Collins St, 5p.m was painted in he's garage. The picture has been described as ‘arguably the only major existentialist painting to be produced in Australia. The colour and structure of the painting are vital to the meaning it conveys.
Repeated horizontal lines and intermittent vertical elements  and
many sharp lines are used in this painting. The drab colours emphasize the depersonalization of the life. And almost same figures emphasize the uniformization, standardization in people's daily routine.

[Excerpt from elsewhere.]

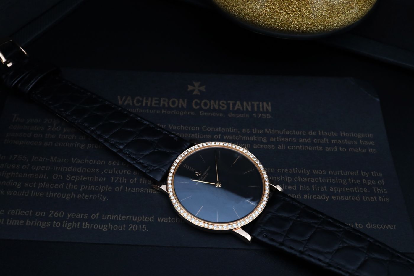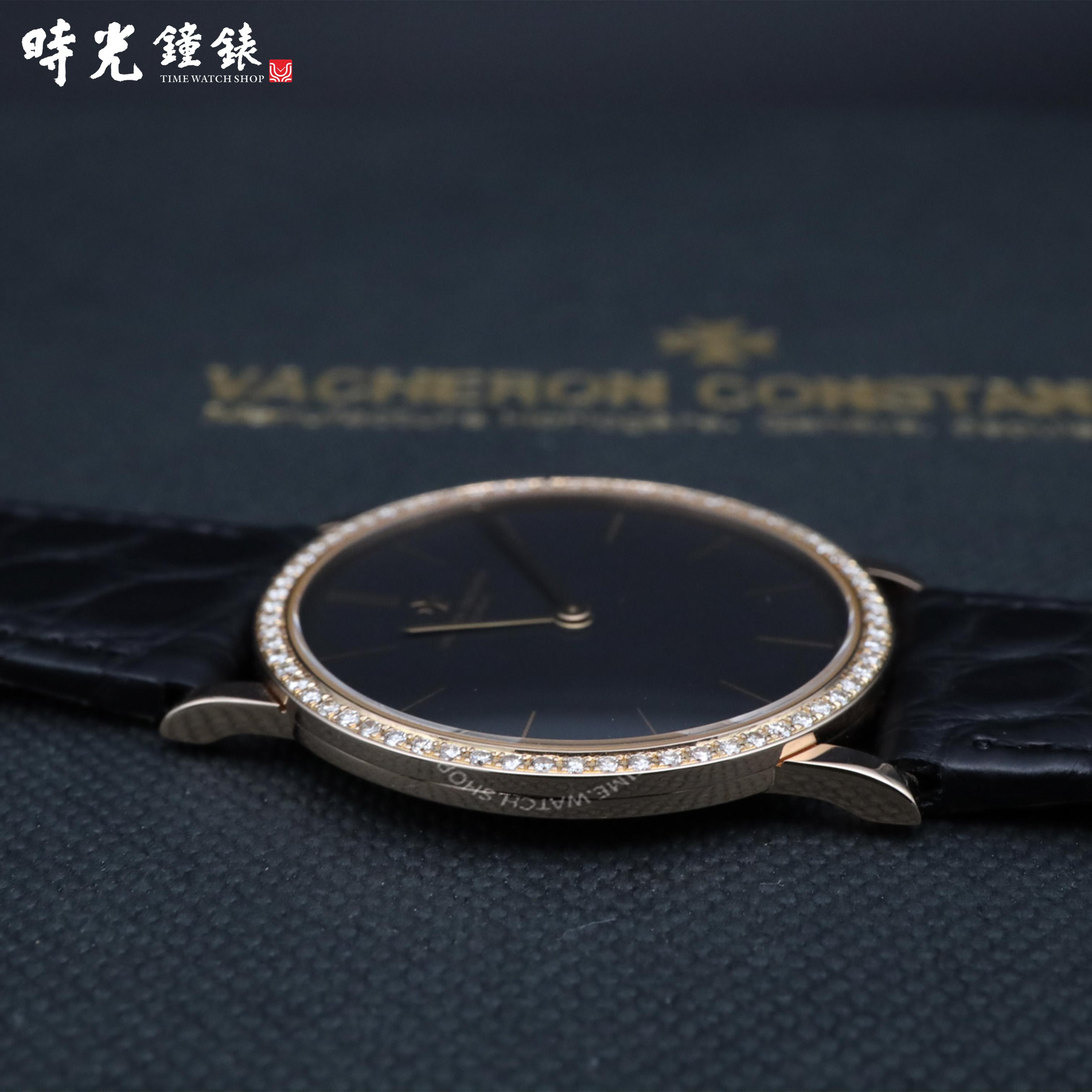 【材質】:玫瑰金材質錶殼及馬爾他十字穿帶錶扣 / 原裝鑽圈 / 立體鑲嵌時標 / 黑色面盤 / 黑色鱷魚皮錶帶 / 藍寶石水晶玻璃鏡面 / 表殼厚度僅6.79mm
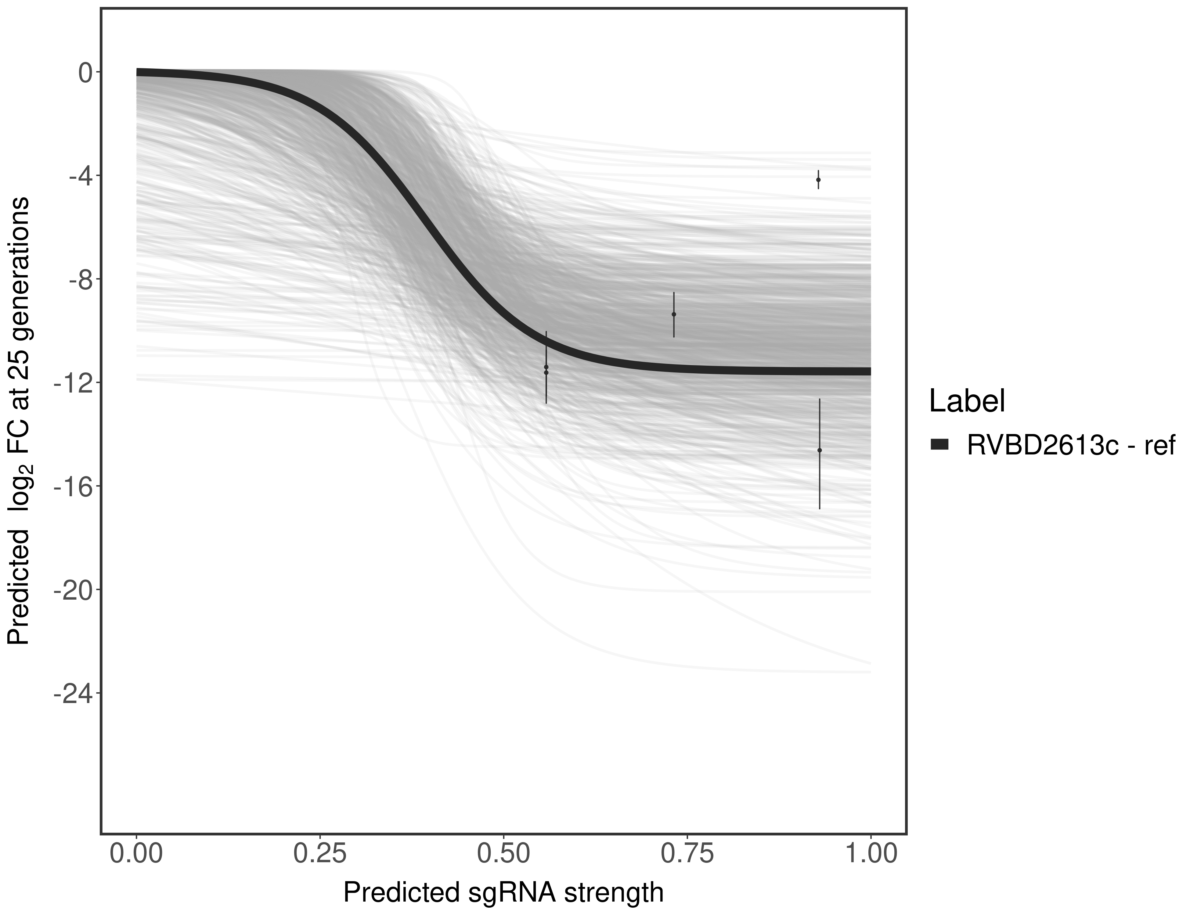 Experiment: We designed an M. tuberculosis CRISPRi library (RLC12) to target all annotated Mtb genes with single guide RNAs (sgRNAs) of varying predicted knockdown efficiencies.

On a gloomy evening in the central Melbourne, in the Victoria's capital city of Victoria, The Collins Street, It is 5 p.m. work is over for the day, the sallow-faced office workers in drab raincoats, the depressing grey facades. people walk in the same direction down a Collins Street, traffic, people is together alone, nameless and faceless, alienated by 9 to 5.. Destinations to railway stations, and a smile on the faces of the two women.  This structure provides an overall sense of order to the composition and is reflective of Brack’s initial visual stimulus, the city of Melbourne, with its rigid geometric layout.
The 1955 painting won the people's choice poll to determine Victoria's top 10 works.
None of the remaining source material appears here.